Last Christmas Eve, I wrote about the first point: how the virgin birth is a signifier of the power of God to save his people. The miraculous birth narrative says that God can and does intervene, and does not always do so within humanly circumscribed limitations. This matters to Christian martyrs throughout the ages. It matters also to the millions of Christians who make undramatic sacrifices every day of their life. The Christmas miracle affirms that their faith is not just human wishing, a collection of agreeable ideas and values, but is backed by the ultimate power in the universe.
The second theological point made by the story of the virgin birth is that not only was Jesus of God, he was so in a unique category. This does not mean that he was God incarnate, (God taking human form). Nor does it mean that he pre-existed from eternity. A careful reading of scripture will, I believe, reveal that the Jesus of scripture is fully human, sharing the same nature as us, to whom he is a brother. It also declares that he has the same nature as every other human that has been used by God. But the birth narrative in Matthew and Luke tells us that he was in a different league, even to the prophets. He was something else, even though he was one of us.
The point is that he was all these things, but not by some freak of nature. This was God’s doing. The Bible calls Jesus the Son of God, as well as the Son of Man, and the virgin birth is indispensable in making this point. God intervenes in history in order to save humanity and the earth, and he does this through a man, but a man that is in some sense divinely authored. Jesus is presented as sui generis, like, but unlike, all of us.
It's Christmas Eve again, and I still believe that the virgin birth is a necessary narrative, and that being necessary does not mean that it is necessarily true in the historical sense.
There are good reasons for supposing that it is not. The virgin birth comes late to the gospels, and is missing in Mark, the earliest gospel, and again in John, widely considered the latest and last to be composed.

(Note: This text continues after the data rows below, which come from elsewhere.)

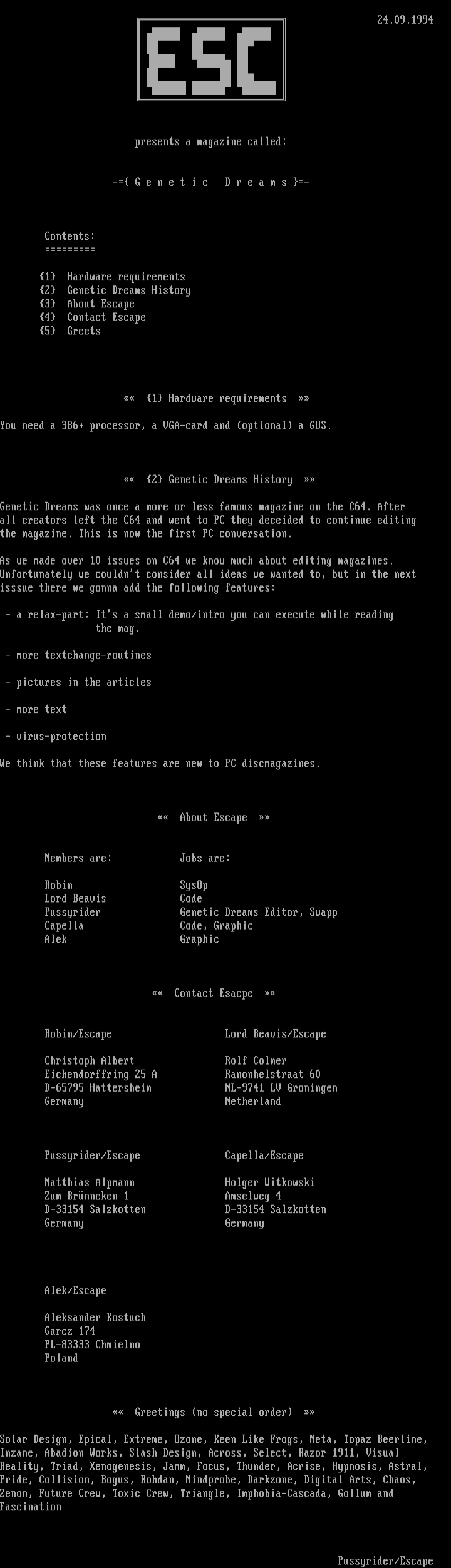 Genetic Dreams was once a more or less famous magazine on the C64. After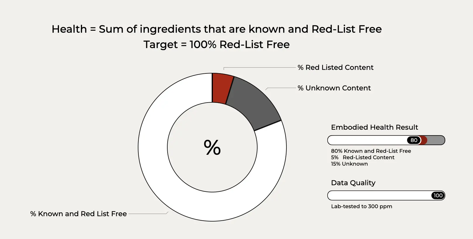 The RESET Embodied Standard calculates the embodied health of projects as the sum of chemicals in all products that are known and free of harmful red-listed ingredients, to a minimum of 300ppm (lab-tested) or 100ppm (supply chain disclosure).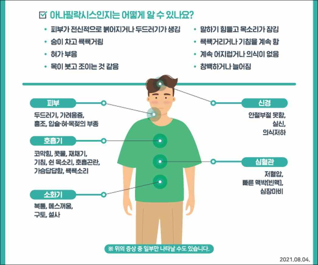 아나필락시스 - 전문용어로는 항원, 항체 면역 반응이 원인이 되어 발생하는 급격한 전신 반응이라고 되어 있는데 좀 말이 어렵네요. 간단하게 말하면 알레르기 증상이 심하게 오는 증상을 말한다고 하면 될 것 같습니다. 일반적으로 어떤 음식이나 약물이 우리 몸에 들어왔을 때 갑자기 숨을 쉬기 힘들거나 혈압이 떨어지고 정신을 잃는 등의 심각한 알레르기 증상이 나타나는 것을 말합니다.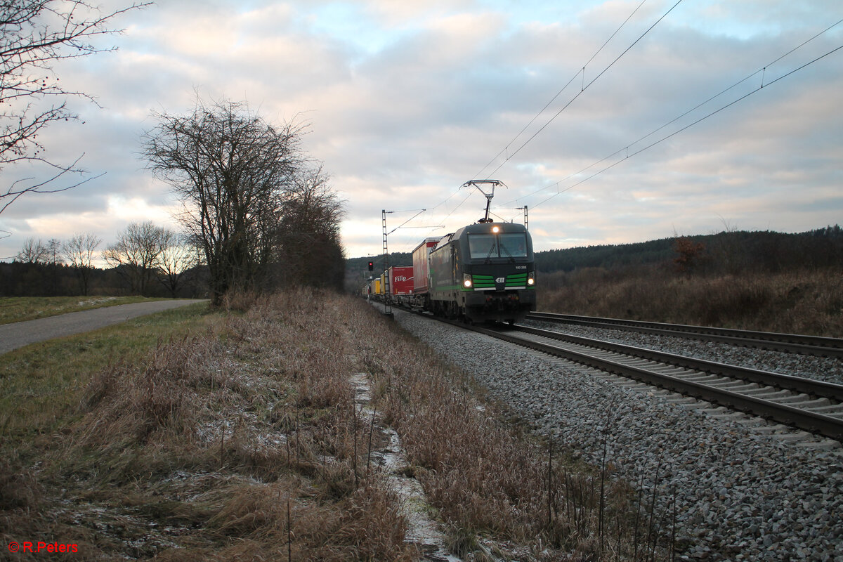193 225-0 zieht ein Containerzug bei Pölling in Richtung Nürnberg. 11.01.25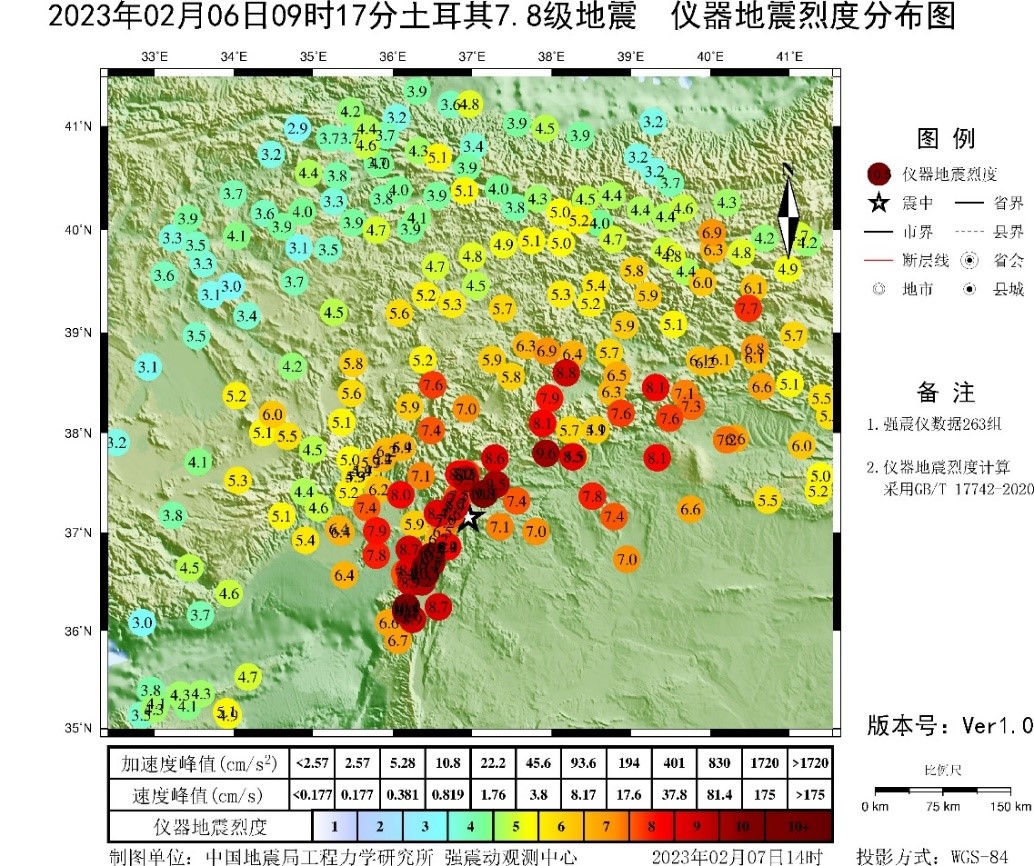 發布時間: 2023-02-08 點擊數量:4476據中國地震臺網正式測定:02月06日09時17分,在土耳其(北緯37.15度,東經36.95度)發生7.8級地震,震源深度20公里。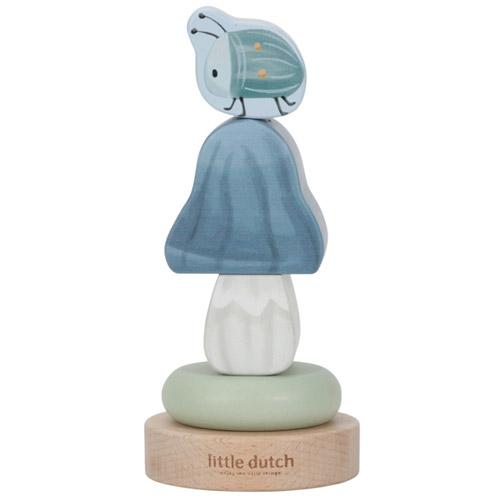 Een prachtige stapelaar om blokjes op de stapelen tot een grote paddenstoel met een lieve kever er bovenop.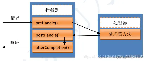 拦截器中方法与处理器方法的执行顺序如下图:

The resurrection is in all four gospels. Why is the virgin birth only in two, and given its full Christmassy range in only one?
It’s easy to imagine the authors of Matthew and Luke considering the effect that Mark’s gospel was having on the early Christian communities, and asking themselves whether there wasn’t something that was being missed. They seem keen to be clearer than Mark had been about exactly who and what Jesus was. What better way to get this across than in a birth narrative featuring the sort of miraculous events expected in accounts of the births of holy figures?
Did it really happen? No one can possibly say, but I can’t say that it didn’t. After all, it would be inconsistent to accept the point of the story, that God intervenes miraculously, yet rule out the possibility that he has done so in this case. That’s why I’m agnostic about the virgin birth.
Being agnostic about the virgin birth does not require agnosticism towards all biblical miracles. For what it’s worth, my view is that some happened, some didn’t, and some,it’s impossible to say. It won’t do to treat all biblical miracles the same. The virgin birth is very different from the resurrection: one private and thinly attested, the other, very public, multiply attested and insisted on. Maybe one happened and the other is theological legend, who knows? But though they may not be the same, they have this in common: they can be doubted, but they must not be disregarded.